Isabel dan Tridy selalu mengingatkan pada Villia tentang siapa Amrie, namun Villia tidak pernah percaya dan baru kali ini menangis hanya karena seorang lelaki. Isabel menghela napas halus dan bangkit dari duduknya, ia pindah ke sebelah Villia dan mengelus punggung wanita itu.
“Kamu adalah wanita yang cantik, tidak perlu menangis hanya karena lelaki seperti Amrie,”geleng Isabel.
“Jiwa kewanitaanmu akhirnya muncul,” kekeh Tridy.
“Karena itu aku tidak pernah menyukai lelaki apalagi wanita,”jawab Isabel.
“Jadi kamu mau hidup sendiri selamanya?”
“Aku menyesal di lahirkan sebagai wanita,”jawab Isabel. “Karena sakit hati itu susah untuk disembuhkan.”
“Jangan menyesali ciptaan Tuhan.”
“Sudah lah, kamu jangan menangis,” geleng Isabel.
“Rasa perih dan terluka, itulah yang akan dirasakan ketika cinta yang diharapkan tidak dibalas dengan hal yang sama. Memang begitu, kalau sudah terlanjur cinta sulit untuk menyingkirkan perasaan sayang kepada kekasih,” jawab Villia menghela napas panjang.

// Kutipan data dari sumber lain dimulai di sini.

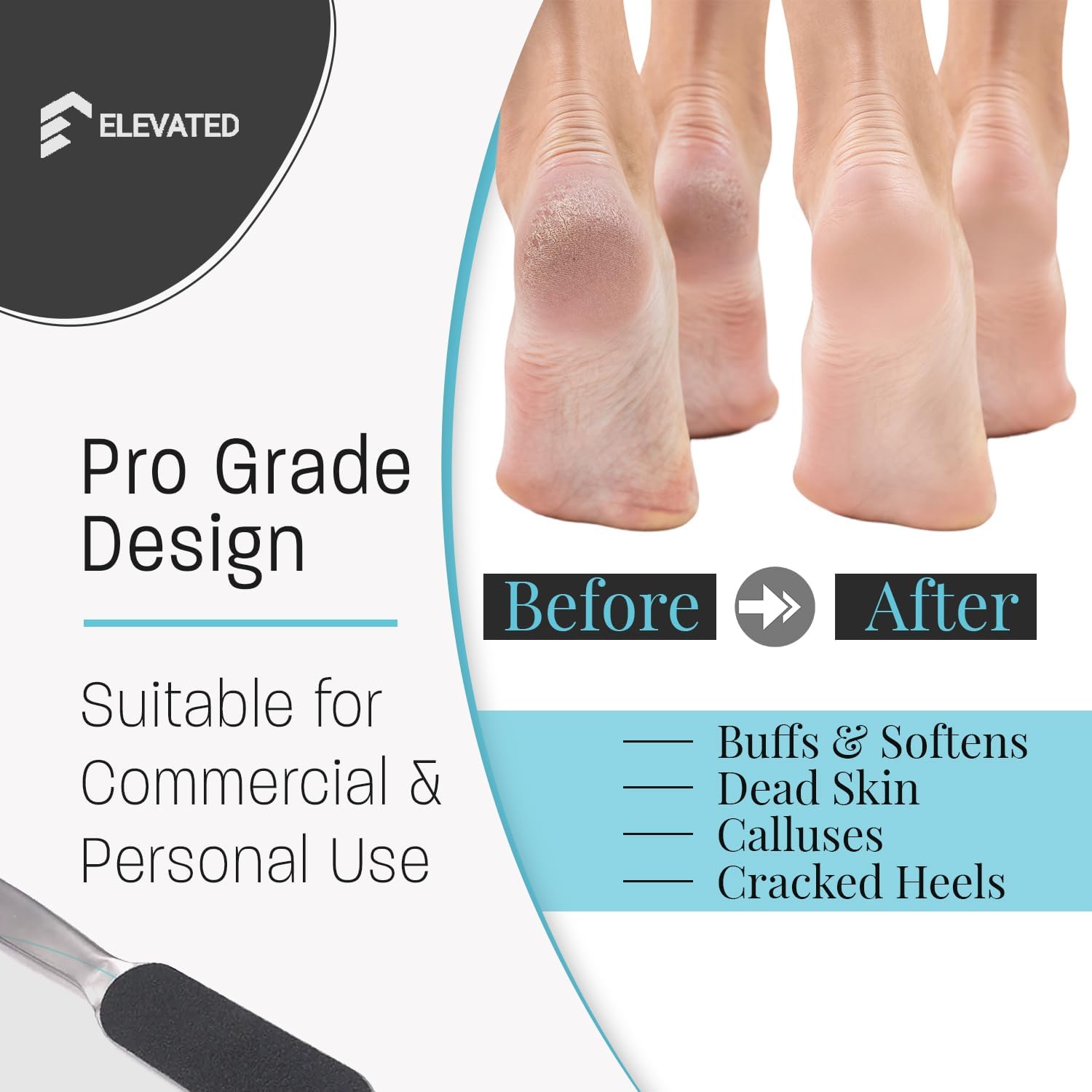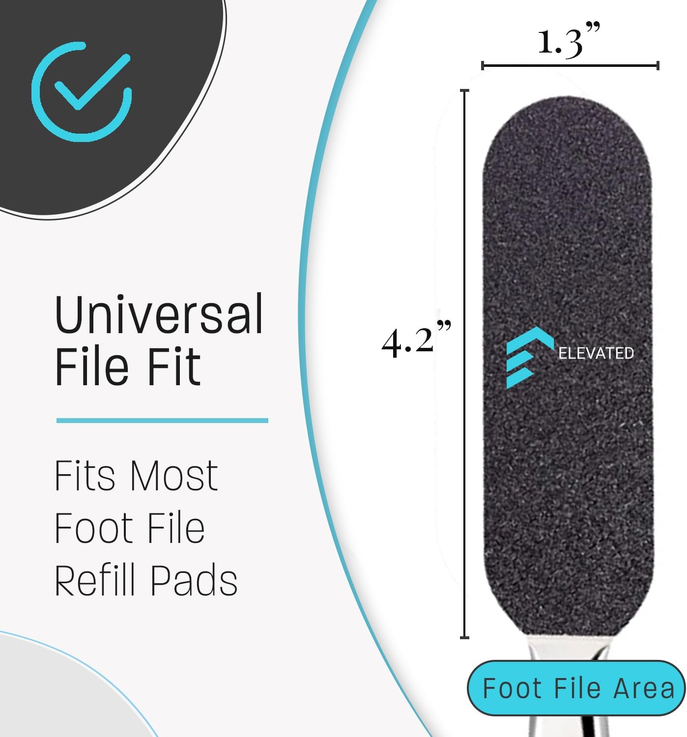 WORKS WITH FOOT FILE REFILLS: The Elevated stainless pedicure file works with the Elevated 100 grit and 60 grit foot file refill replacement pads, as well as most other foot file refills.

“Pelangi hanya terjadi saat hujan turun. Ketabahan hanya terbentuk saat luka menusuk jiwa,” kata Tridy.
“Kamu dapat kata-kata darimana?”
“Dari internet,” kekeh Tridy. “Penulisnya seorang anonim.”
“Ya sudah. Kita pulang saja,” sambung Isabel.
“Aku tidak ingin pulang,” lirih Villia.
“Kamu mau kemana?”
“Antarkan aku ke suatu tempat, kalian harus menemaniku,” jawab Villia membuat Tridy dan Isabel saling bertukar pandangan. Mereka tidak tahu apa yang akan dilakukan Villia.
***
Sampailah Villia, Tridy dan Isabel di salah satu bar di Milan, Birrificio Lambrate, terdengar suara musik keras yang menjadi patokan para wanita dan laki-laki yang sedang bergoyang di lantai dansa. Bar ini sangat lah ramai membuat mereka bertiga duduk di meja pojok agar lebih dekat dengan lantai dansa dimana semua orang sedang melikukkan tubuh mereka mengikuti alunan musik keras yang begitu menarik.
“Jadi ini tempat yang kamu maksud?” tanya Tridy pada adiknya.
“Iya. Aku harus mabuk agar bisa tidur,” jawab Villia.
“Kamu benar-benar putus asa,” geleng Isabel menggoyangkan bahunya mengikuti alunan musik keras yang menggema ditempat ini.